Data segment —
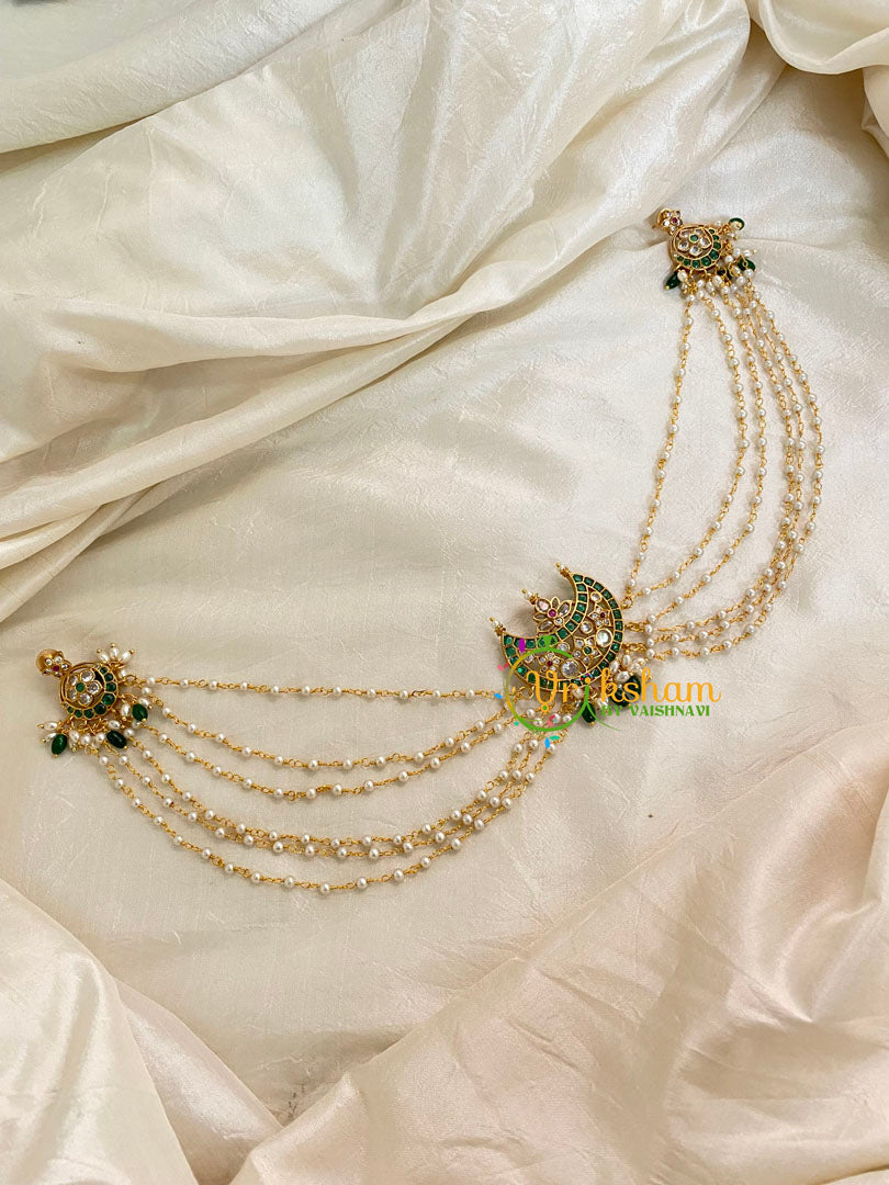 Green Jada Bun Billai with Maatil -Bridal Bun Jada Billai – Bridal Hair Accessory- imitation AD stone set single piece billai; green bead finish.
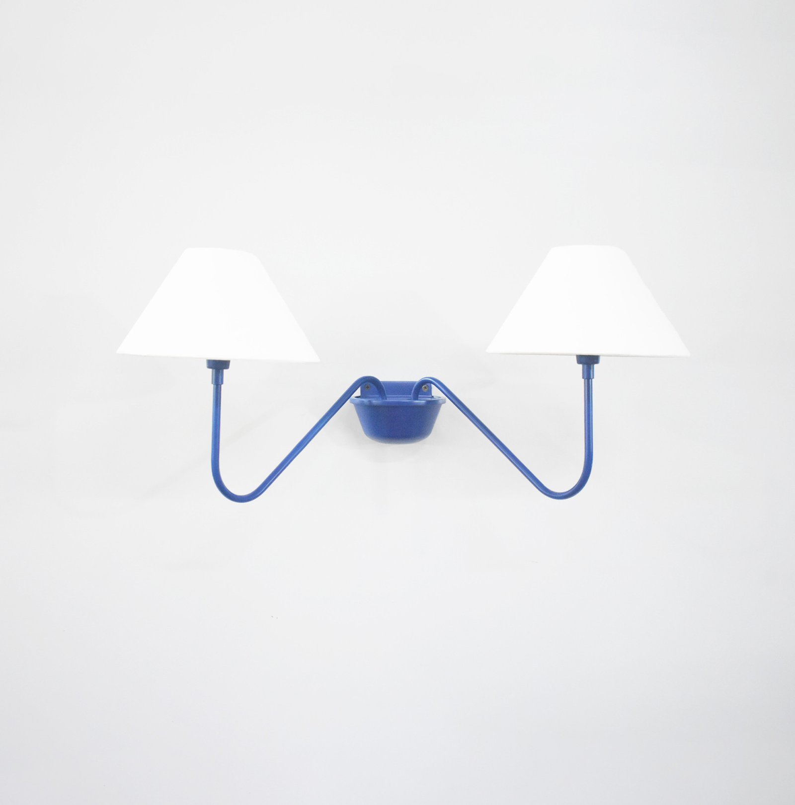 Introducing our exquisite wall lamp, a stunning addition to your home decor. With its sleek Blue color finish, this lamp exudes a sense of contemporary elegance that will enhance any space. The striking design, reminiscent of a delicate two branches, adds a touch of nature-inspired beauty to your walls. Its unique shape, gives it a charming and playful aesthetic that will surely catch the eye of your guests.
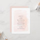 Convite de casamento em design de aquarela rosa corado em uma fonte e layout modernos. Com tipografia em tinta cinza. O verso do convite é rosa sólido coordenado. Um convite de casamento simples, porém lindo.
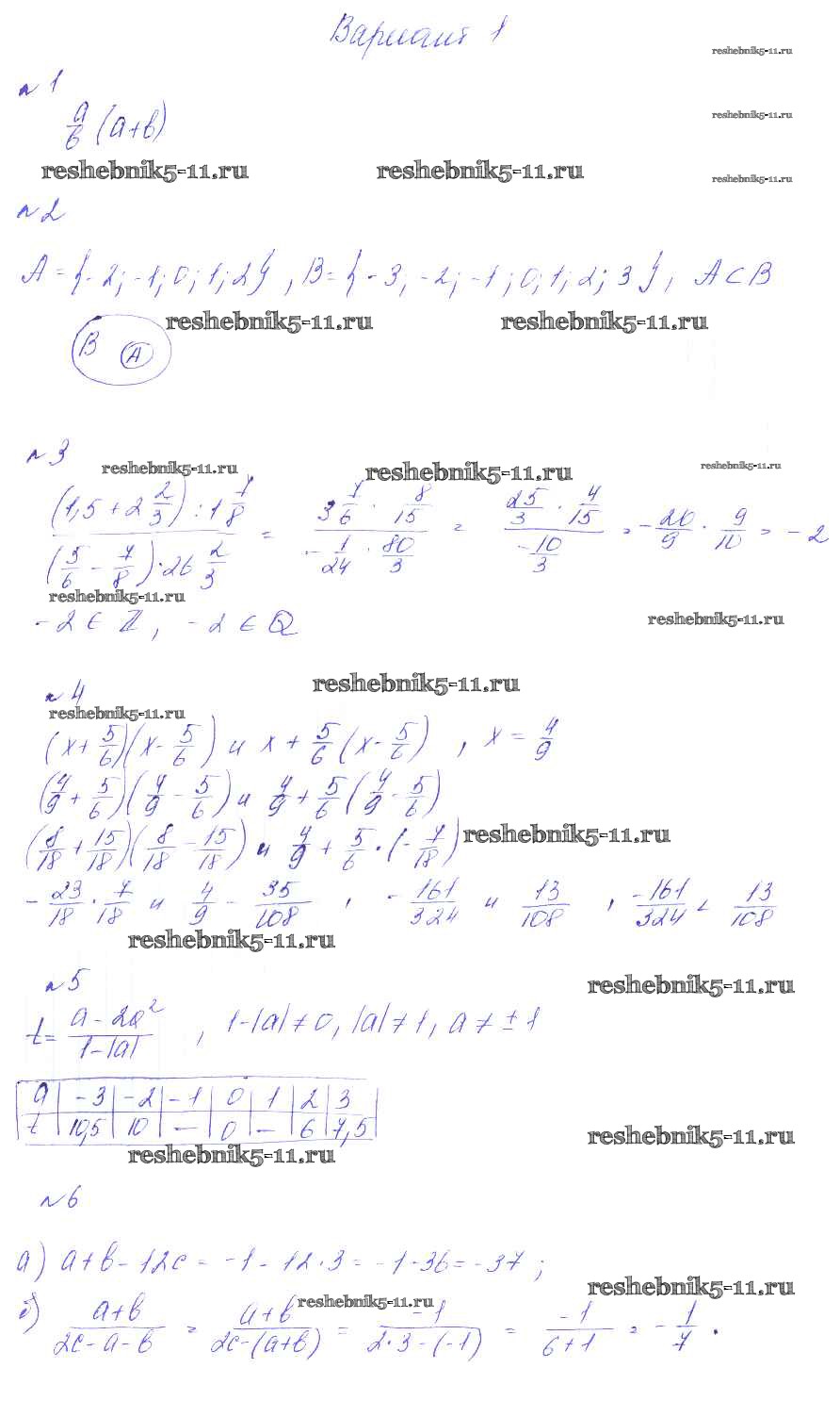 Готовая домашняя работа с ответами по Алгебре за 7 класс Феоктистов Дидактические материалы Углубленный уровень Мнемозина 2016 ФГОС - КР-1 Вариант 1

Requirement — The copy should match each line above exactly and contain no images.

Exercise output —
 Green Jada Bun Billai with Maatil -Bridal Bun Jada Billai – Bridal Hair Accessory- imitation AD stone set single piece billai; green bead finish.
 Introducing our exquisite wall lamp, a stunning addition to your home decor. With its sleek Blue color finish, this lamp exudes a sense of contemporary elegance that will enhance any space. The striking design, reminiscent of a delicate two branches, adds a touch of nature-inspired beauty to your walls. Its unique shape, gives it a charming and playful aesthetic that will surely catch the eye of your guests.
 Convite de casamento em design de aquarela rosa corado em uma fonte e layout modernos. Com tipografia em tinta cinza. O verso do convite é rosa sólido coordenado. Um convite de casamento simples, porém lindo.
 Готовая домашняя работа с ответами по Алгебре за 7 класс Феоктистов Дидактические материалы Углубленный уровень Мнемозина 2016 ФГОС - КР-1 Вариант 1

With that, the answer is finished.